STORED DATA:
*-*-*

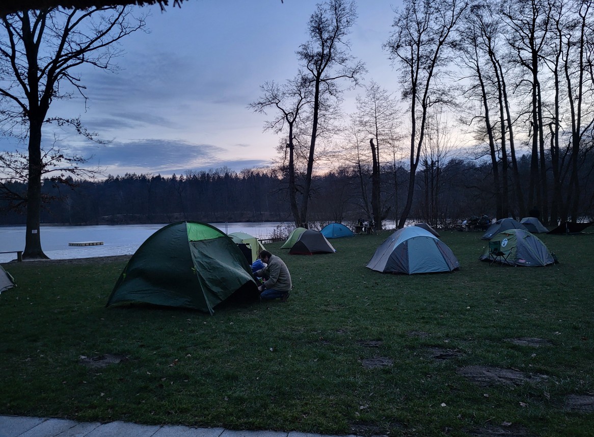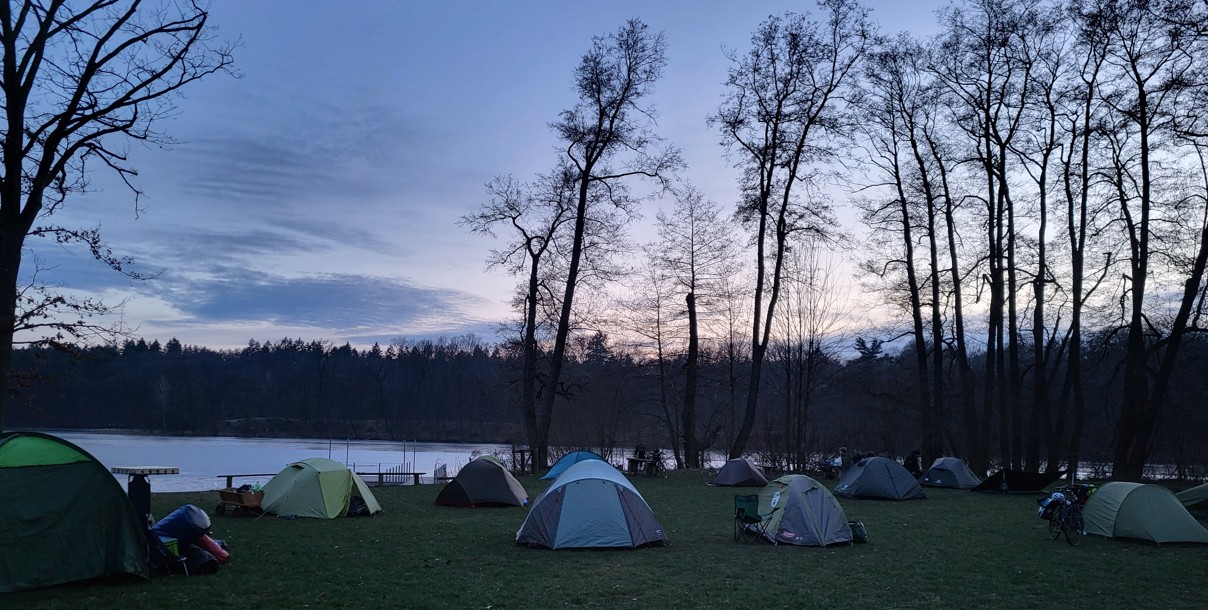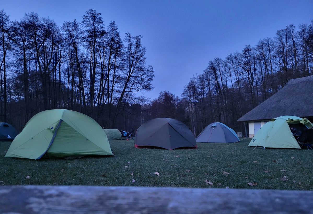 Nach und nach trafen die Kollegen mit Sack und Pack ein und bereiteten das Zeltlager für die Nacht vor. Ausgeklungen ist der Abend am Lagerfeuer mit frisch Gegrilltem und geistigem Getränk.
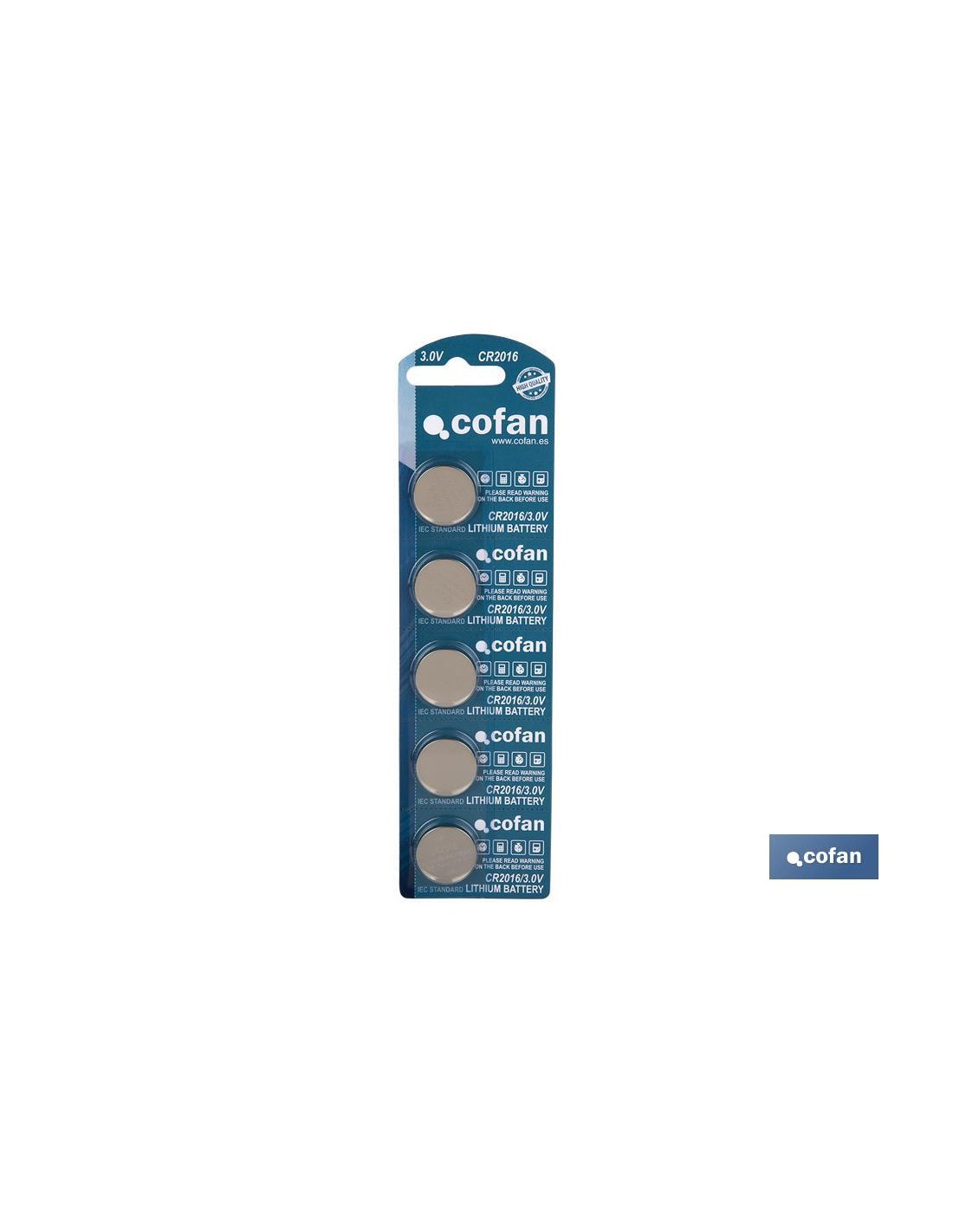 Pilas Botón modelo CR2016/3.0V. Pilas de Litio en blíster de 5 unidades modelo CR2016 con potencia de 3.0v.
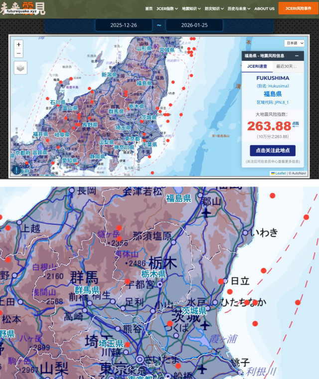 需要特别说明的是,从茨城到福岛浜通区的内陆断层带可能正在连动形成一条串连整个东北地区北部多县的“地震活动走廊”。

*-*-*

EXERCISE REQUIREMENTS:
Transcribe everything above exactly. Do not include the pictures.

OUTPUT OF THE EXERCISE:
 Nach und nach trafen die Kollegen mit Sack und Pack ein und bereiteten das Zeltlager für die Nacht vor. Ausgeklungen ist der Abend am Lagerfeuer mit frisch Gegrilltem und geistigem Getränk.
 Pilas Botón modelo CR2016/3.0V. Pilas de Litio en blíster de 5 unidades modelo CR2016 con potencia de 3.0v.
 需要特别说明的是,从茨城到福岛浜通区的内陆断层带可能正在连动形成一条串连整个东北地区北部多县的“地震活动走廊”。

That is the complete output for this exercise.